Textile Society of America


Date of this Version



Textiles as Cultural Expressions: Proceedings of the 11th Biennial Symposium of the Textile Society of America, September 24–27, 2008, Honolulu, Hawaii


Copyright 2008 by the author.



Purple dye

Sea snail purple, also known as Shellfish purple, Tyrian purple, Royal purple, Ancient purple or Murex purple, abbreviated to purple in this text, is a pigment obtained from the secretion of the hypobranchial glands of certain species marine mollusks (Fig. 1). The milky secretion from the glands includes a purple precursor which can be applied directly onto textiles (Fig. 2), where the final pigments are formed in the presence of oxygen and sunlight (Fig. 3). The main chemical constituent of the purple pigment was discovered by Paul Friedländer in 1909 to be 6,6′- dibromoindigo.

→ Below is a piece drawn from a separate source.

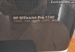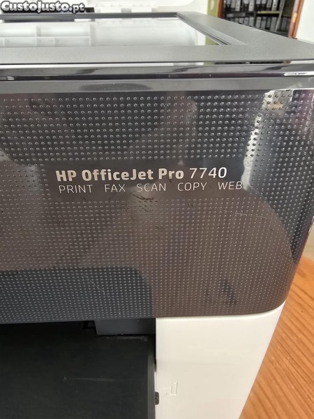 A HP OfficeJet Pro 7740 é uma impressora de formato largo (A3/A4) concebida para pequenos escritórios, oferecendo impressões, digitalizações, cópias e fax rápidos. Destaca-se pela impressão frente e verso automática (até A3), dupla bandeja de papel com capacidade total de 500 folhas, Wi-Fi integrado e ecrã tátil.

Purple dye in Central America

Purple has been used for dyeing of traditional textiles in Central and South America. It still continues to be used in Mexico, Costa Rica and El Salvador. In April 2004, I stayed in the community of the Boruca in the south of Costa Rica. Borucan are known for their traditional weaving, using cotton yarn dyed with purple. In Boruca, about 15 people, men and women, do purple dyeing work on the Pacific coast where only indigenous people have permission to collect the snails for the traditional dyeing.